Sonja Rüther
nach einer Idee von Konrad Hollenstein
Feuertaufe (Geistkrieger 1)
2018
Knaur
400 Seiten
Eine Alternativweltgeschichte, in der die amerikanischen Ureinwohner einst von der Invasion der Europäer verschont worden und entsprechend unabhängig geblieben sind. Infolgedessen hat sich ihr Kontinent zu einem bewusst vom Rest der Welt abgeschotteten, aber mittlerweile hochmodernen und technisch führenden Staatengebilde entwickelt.
Das klingt nach einer spannenden Prämisse und einer Geschichte, die viel Potenzial bereithält. Doch letztlich erfahren wir leider gar nicht allzu Genaues über diese Welt; es gelingt der Autorin einfach nicht, sie natürlich und homogen erscheinen zu lassen.
Stattdessen dreht es sich vorrangig darum, dass die einheimischen Schamanen mit einer Totem-/Geisterwelt in Kontakt treten können, die großen Einfluss auf das dortige Leben nimmt. Überhaupt spielen sich reichlich mysteriöse, übernatürliche und für den gewöhnlichen Europäer völlig unerklärliche Dinge ab. Das schrammt dann leider alles mal wieder allzu nahe am üblichen Indianerklischee und -kitsch entlang.

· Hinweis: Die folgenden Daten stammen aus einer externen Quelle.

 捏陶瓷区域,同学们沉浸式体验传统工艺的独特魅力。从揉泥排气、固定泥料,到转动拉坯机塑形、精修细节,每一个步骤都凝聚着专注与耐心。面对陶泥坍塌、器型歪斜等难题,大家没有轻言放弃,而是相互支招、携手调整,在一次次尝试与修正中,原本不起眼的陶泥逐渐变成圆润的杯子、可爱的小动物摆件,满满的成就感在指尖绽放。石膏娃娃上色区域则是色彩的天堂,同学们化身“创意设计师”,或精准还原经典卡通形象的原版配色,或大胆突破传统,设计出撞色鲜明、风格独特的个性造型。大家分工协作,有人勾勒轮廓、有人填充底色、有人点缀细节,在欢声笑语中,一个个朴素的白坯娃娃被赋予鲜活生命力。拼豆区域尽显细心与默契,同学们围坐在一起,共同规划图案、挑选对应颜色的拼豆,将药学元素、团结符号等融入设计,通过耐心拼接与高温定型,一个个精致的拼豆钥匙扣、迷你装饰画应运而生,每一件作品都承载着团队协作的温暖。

Auch in handwerklicher Sicht gibt es Schwächen, was beispielsweise schon gleich damit losgeht, dass die Hauptfigur ein nerviger, unsympathischer Volltrottel ist. Natürlich ist das absichtlich so konstruiert, um seinen späteren Wandel zum Positiven umso deutlicher darstellen zu können, aber das kommt doch arg plump und zu dick aufgetragen rüber. Außerdem wird im Laufe des Romans keine klare Erzählstimme gefunden: immer wieder irritieren unpassende (und unbeabsichtigt wirkende) Perspektivwechsel, teilweise mitten innerhalb einer Szene.
Doch selbst wenn es bis hierher anders geklungen hat: Gänzlich misslungen ist das Buch definitiv nicht. Es gibt - gerade in der zweiten Hälfte - zweifellos viele gelungene Passagen, spannende Momente und eindrücklich beschriebene Szenen. Man sollte sich jedoch darüber im Klaren sein, dass die Alternativwelt hier nicht im Mittelpunkt steht, sondern lediglich die mäßig genutzte Kulisse für eine Mystery-/ Geistergeschichte bildet.

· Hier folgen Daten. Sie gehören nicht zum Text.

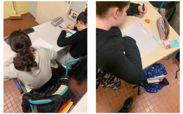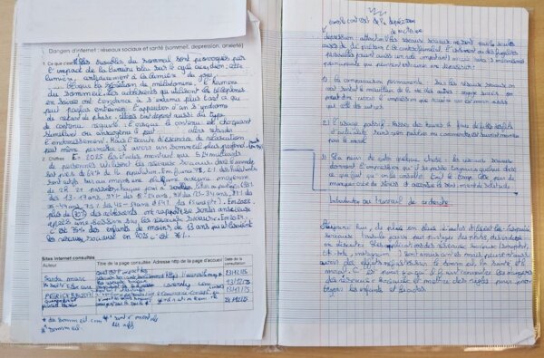 Puis, un autre jour, pendant deux heures, par groupes de trois, les élèves ont fait des recherches sur les différents dangers des réseaux sociaux pour les mineurs : cyberharcèlement, addiction au scrolling, défis dangereux en ligne, isolement, manipulation/ embrigadement et arnaques aux sentiments, escroqueries en ligne, santé (risques de dépression, d’anxiété, troubles du sommeil), exposition à des images violentes ou choquantes. Les élèves disposaient d’un document de collecte et d’un ordinateur par groupe. Ils avaient pour consignes de bien définir le danger étudié par leur groupe, de citer des sources fiables, ainsi que quelques chiffres-clés révélant l’ampleur de ce danger pour les mineurs. Ils ont poursuivi individuellement à la maison.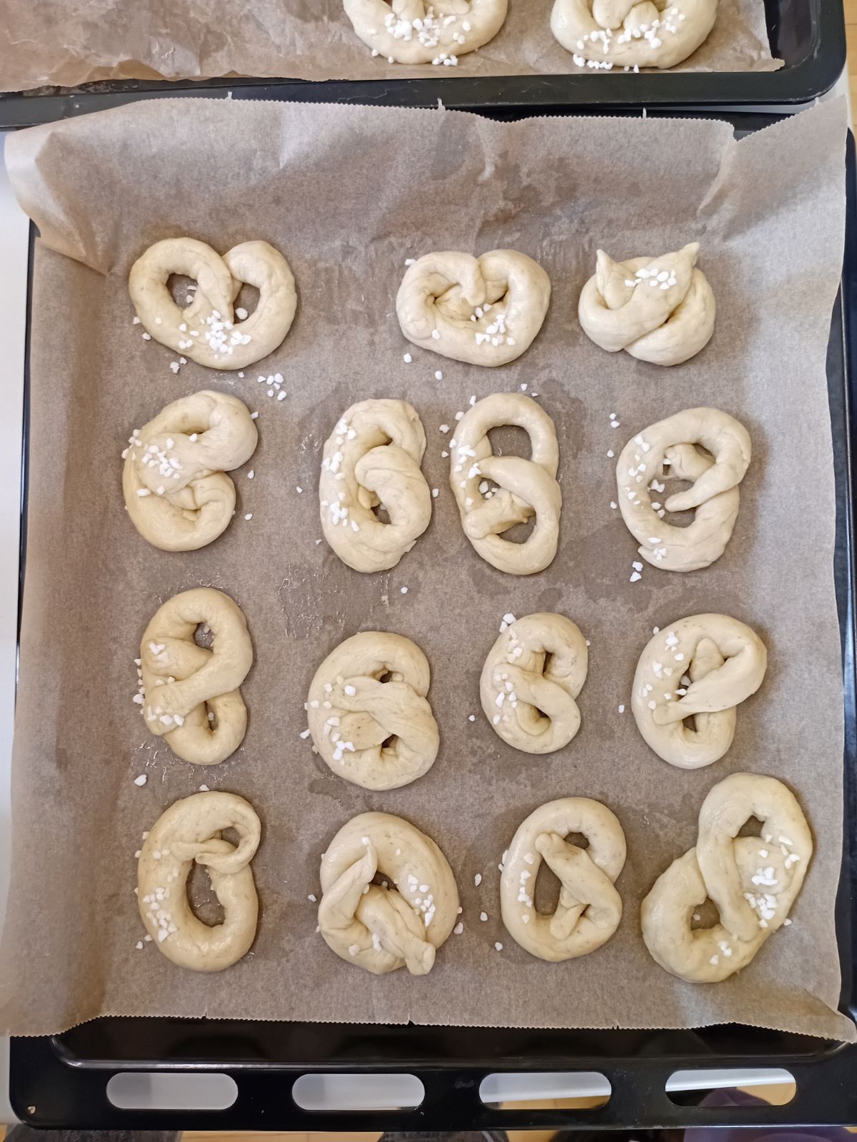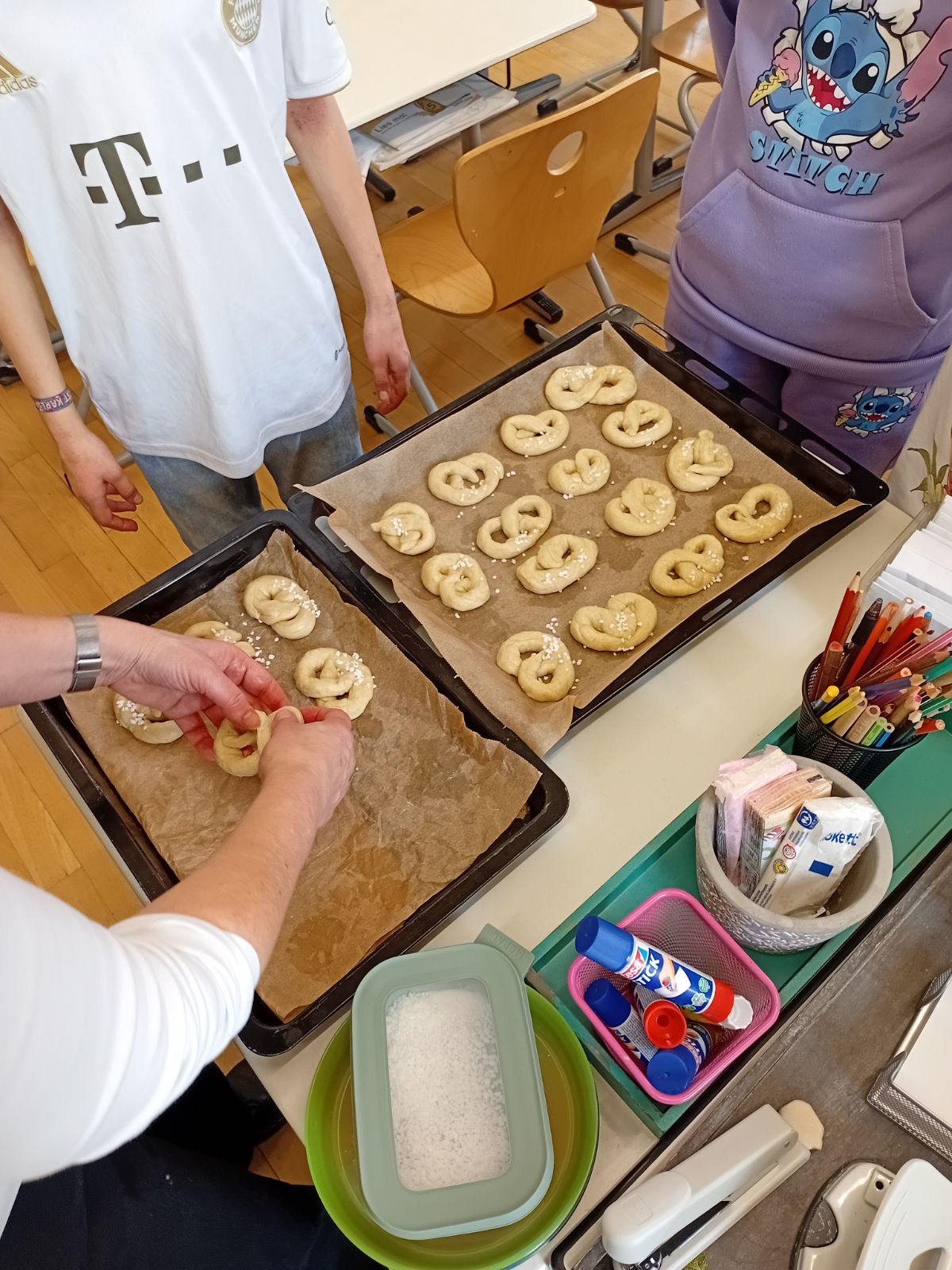 In der Woche nach den Weihnachtsferien haben die Kinder der 4b mit den Patenkindern aus der 1a gemeinsam Neujahrsbrezeln gebacken: Der Hefeteig wurde gewissenhaft geknetet, Brezeln wurden geformt (gar nicht so leicht!) und mit Zucker bestreut.

Wer an einer solchen mehr Interesse hat als an einem ausgefeilten Weltenbau und wer einen recht blutrünstigen Krimi mit übernatürlichen Elementen lesen möchte, wird mit der Geschichte von den Geistkriegern (die allerdings mit diesem ersten Teil noch keineswegs abgeschlossen ist) durchaus gut bedient.
Am Ende bleibt aber dennoch die Frage: Wenn die Autorin eine dermaßen aufregende und spektakuläre Bühne vorbereitet, um dann letztlich eine Geschichte zu erzählen, die eine solche kaum benötigt hätte ... wozu dann die Kulisse?